Department of Integrative Structural and Computational Biology, Scripps Research Institute, La Jolla, California, USA.
Nat Struct Mol Biol. 2013 Mar;20(3):363-70. doi: 10.1038/nsmb.2500. Epub 2013 Feb 10.
Influenza virus hemagglutinin (HA) mediates receptor binding and viral entry during influenza infection. The development of receptor analogs as viral-entry blockers has not been successful, which suggests that sialic acid may not be an ideal scaffold to obtain broad, potent HA inhibitors. Here, we report crystal structures of Fab fragments from three human antibodies that neutralize the 1957 pandemic H2N2 influenza virus in complex with H2 HA. All three antibodies use an aromatic residue to plug a conserved cavity in the HA receptor-binding site. Each antibody interacts with the absolutely conserved HA1 Trp153 at the cavity base through π-π stacking with the signature Phe54 of two VH1-69-encoded antibodies or a tyrosine from HCDR3 in the other antibody. This highly conserved interaction can be used as a starting point to design inhibitors targeting this conserved hydrophobic pocket in influenza viruses.

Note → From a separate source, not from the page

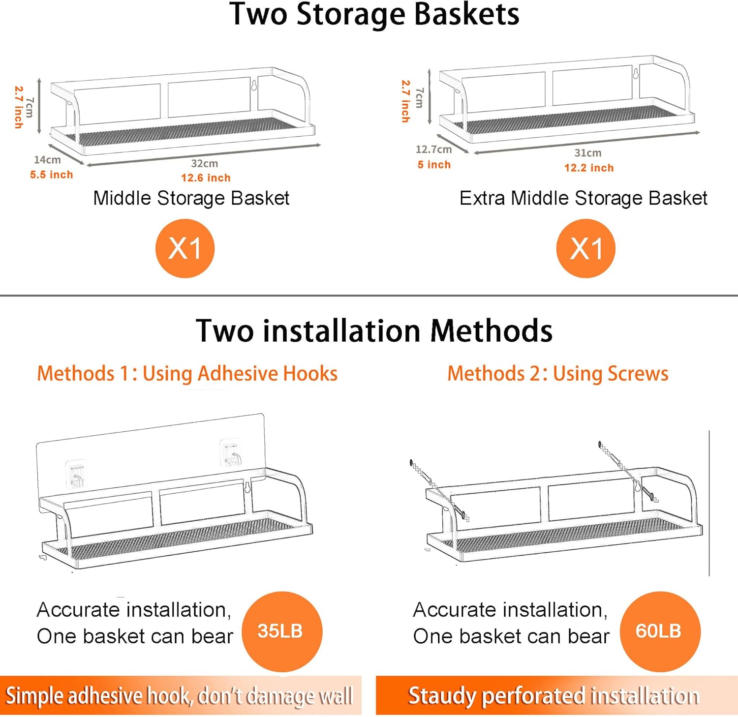 PUSDON Metal Wall Hanging Basket 2 Packs DIY Suitable for Multiple Scenes - Middle Silver Grey Hollowout

流感病毒血凝素(HA)在流感感染过程中介导受体结合和病毒进入。作为病毒进入抑制剂的受体类似物的开发并不成功,这表明唾液酸可能不是获得广泛、强效 HA 抑制剂的理想支架。在这里,我们报告了三种中和 1957 年大流行 H2N2 流感病毒的人源抗体 Fab 片段的晶体结构,这些抗体与 H2 HA 形成复合物。这三种抗体都使用芳香族残基来填充 HA 受体结合位点中的一个保守腔。每个抗体都通过与两个 VH1-69 编码抗体的特征性 Phe54 或另一个抗体的 HCDR3 中的酪氨酸进行 π-π 堆积,与空腔底部的绝对保守的 HA1 Trp153 相互作用。这种高度保守的相互作用可以作为设计针对流感病毒中这个保守疏水口袋的抑制剂的起点。